In the meantime, the misgivings over Okowa’s selection for the prime post continues to amplify.  The governor through his action/inaction continues to give hints that he would not take his snubbing lightly. Some governors, party chieftains and ordinary members are literally lining up behind Wike. Those aligned to this camp are growing by the day. The agitation within the PDP has dovetailed into the bottled-up misgivings that a northerner in person of Atiku emerged as its flagbearer rather than it being zoned to the South. There is also the growing disaffection that the party’s three powerful positions, viz, the presidential candidate, national chairman and the BOT chairman are all from the North. 

Thus, the PDP is, apparently, divided into two camps, majorly along ethnic lines. It appears that simmering discontents within the party was burst open with Okowa’s nomination as vice presidential candidate. The camp of ‘malcontents’ are demanding replacement of Okowa with the Rivers state governor as well as replacement of the national chairman with a southerner to be assuaged. They say they are fighting against injustice. The bottom line is that the PDP may not be prosecuting its 2023 presidential project with a unity of purpose. Fences can still be mended though for miracles do still happen.

The APC is facing a schism of a different kind, triggered also by nomination of its de jure vice presidential candidate in the person of Kashim Shettima. It is rooted in religion. Confirmation that APC is now fielding a Muslim/Muslim ticket for the 2023 presidential polls set tongues wagging. Both Asiwaju Bola Tinubu and Senator Shettima his running mate profess the Muslim faith. It has led to resignations by some party faithful.

Whereas the wrangling in PDP is chiefly among its members, politicians, the dust stirred by APC’s same faith ticket has seen other members of the wider society, non-politicians and even institutions actively weighing in. It has seemingly polarised the country along Christian/Muslim divide. And it appears to me  that those that are more angry about it are northern APC stalwarts that profess to be Christians who were hoping to be their party’s  vice presidential running mate.
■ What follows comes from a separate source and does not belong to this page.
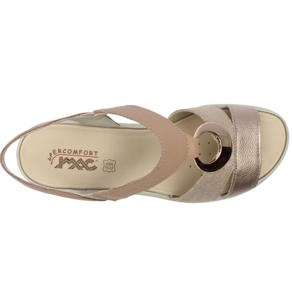 Step into effortless summer style with the IMAC 107970 ladies sandals a perfect blend of comfort and contemporary elegance. Designed in a gold and taupe colour combination, this versatile sandal features a gold metal detail across the front for a subtle touch of shine. The clean, modern look makes it ideal for both everyday wear and smarter summer occasions. Created with comfort as a priority, this style offers an extra wide fitting, providing generous room without compromising on support. The cushioned, breathable leather insole keeps feet feeling fresh and comfortable throughout the day, while the lightweight, flexible outsole ensures easy movement and all-day wearability. Stylish, supportive, and wonderfully comfortable – the IMAC 107970 sandal is the perfect choice for warm-weather dressing.

Argument against same faith ticket at the national level is that as a heterogenous country, all interests should be brought onboard. Some rather extreme views have been expressed in railing against this combination with some stating that it is a prelude to a hidden islamisation agenda. 

What we are experiencing currently is part of a fermentation process that would lead to a future, new world order of bliss in which Nigeria is divinely destined to play a leading role. Everything we shall go through now and in the nearest future would eventually lead to the goal. The Christian Association of Nigeria (CAN) has indicated that it would direct ‘’Christians’’ through the churches not to vote any party with same faith ticket at the presidential election. 
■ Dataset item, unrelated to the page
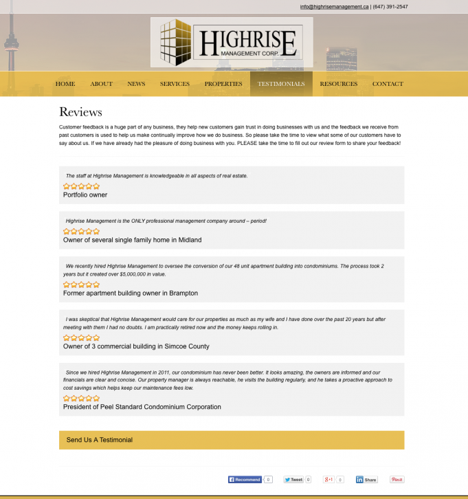 Highrise Management has been proudly serving the property management and real estate investment industry since 1988. In that time, we have established a proven track record in nearly every sector of the real estate market through providing unparalleled service to our clients while maximizing the value of their assets.

All should be reminded that every human being is given free will by the Almighty Creator. It is an inherent part of the human spirit. It means we have the free will to make a decision. But having exercised our free will, we are irrevocably, bound to consequences of that decision. CAN and the other clerics should not order Christians to vote this way or that way, rather, they should urge them to vote according to their heart’s bidding in exercise of their free will. This applies to all electorate nationwide.